Uma decisão liminar do ministro Flávio Dino, do Supremo Tribunal Federal (STF), reacendeu o debate sobre os critérios utilizados na investigação social de concursos públicos. O magistrado determinou a reintegração de Lays Lopes Carneiro Barcelos, 32 anos, ao concurso para delegada da Polícia Civil de Santa Catarina. A candidata havia sido desclassificada por ser casada com um homem condenado por tráfico de drogas.
A medida, proferida no fim de outubro, gerou desconforto dentro da corporação catarinense e tocou em pontos sensíveis da legislação: a presunção de inocência e a individualização da pena, contrapostas à exigência de idoneidade para carreiras policiais.
Lays Barcelos avançou por todas as fases técnicas do concurso — provas escritas, teste físico, avaliação psicológica e análise de títulos — e foi barrada apenas na etapa de investigação social. Para a comissão avaliadora, o vínculo conjugal com alguém condenado por tráfico seria incompatível com a conduta exigida para o exercício do cargo.
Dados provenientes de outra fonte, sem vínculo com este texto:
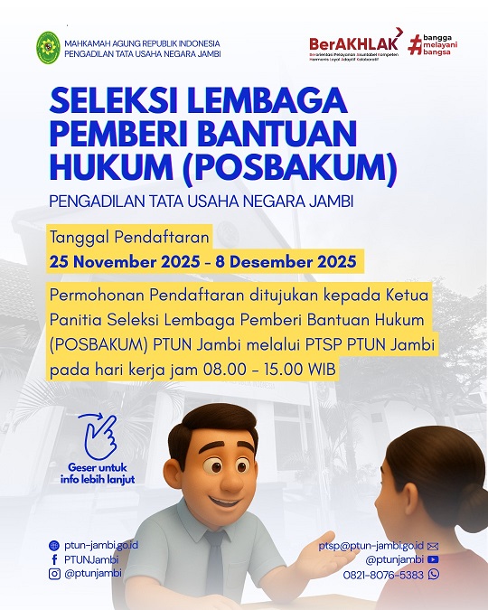 Pengadilan Tata Usaha Negara Jambi menyelenggarakan Seleksi Lembaga Pemberi Bantuan Hukum (Posbakum) untuk Tahun Anggaran 2026 sebagai bagian dari upaya

A candidata contestou a eliminação e sustentou que não poderia sofrer consequências por atos praticados antes do relacionamento. Segundo destacou a defesa, citada pelo portal O Globo, o marido teve a pena prescrita, possui trabalho formal há anos e a própria Lays comunicou espontaneamente o histórico criminal dele à banca, o que demonstraria transparência.
Mesmo assim, o Tribunal de Justiça de Santa Catarina (TJSC) manteve a desclassificação por considerar que a decisão estava alinhada ao edital.
O entendimento mudou ao chegar ao STF. Conforme publicado pelo portal Contra Fatos, Dino avaliou que a tese da candidata é “plausível” e que sua exclusão pode ferir “os princípios da presunção de inocência, da individualização da pena e da intranscendência da sanção penal”. Para o ministro, restringir a vida profissional da candidata por ações praticadas por outra pessoa violaria garantias fundamentais.
“A exclusão da candidata do certame, na fase de investigação social, sob o fundamento de inabilitação, pode ocasionar dano grave e de difícil reparação”, afirmou Dino, ao destacar o risco de “frustração de legítima expectativa decorrente de anos de preparação e estudo dedicados à seleção”.
A liminar ainda não resolve o mérito da ação, mas permite que Lays continue no concurso enquanto o processo segue no Supremo. O ministro solicitou documentos adicionais, como certidões criminais e registros de trabalho do marido nos últimos dez anos.
A decisão, no entanto, gerou forte reação. O delegado-geral da Polícia Civil de Santa Catarina, Ulisses Gabriel, criticou publicamente a liminar: “TJ SC confirmou a decisão! Hoje, o Ministro Flávio Dino fez a reintegração da candidata ao concurso. Com respeito, mas como se combate o crime dessa forma? Ela fez sua opção”, declarou nas redes sociais.
A manifestação evidencia a visão de setores da segurança pública que defendem critérios mais restritivos não apenas para o comportamento individual do candidato, mas também para suas relações pessoais. Já a intervenção do STF reforça a necessidade de diferenciar a conduta do postulante da de terceiros, especialmente quando não há indícios de participação ou conivência.
O caso, que segue em análise definitiva pelo Supremo, deve influenciar futuras discussões sobre os limites e a legalidade da investigação social em concursos de carreiras policiais.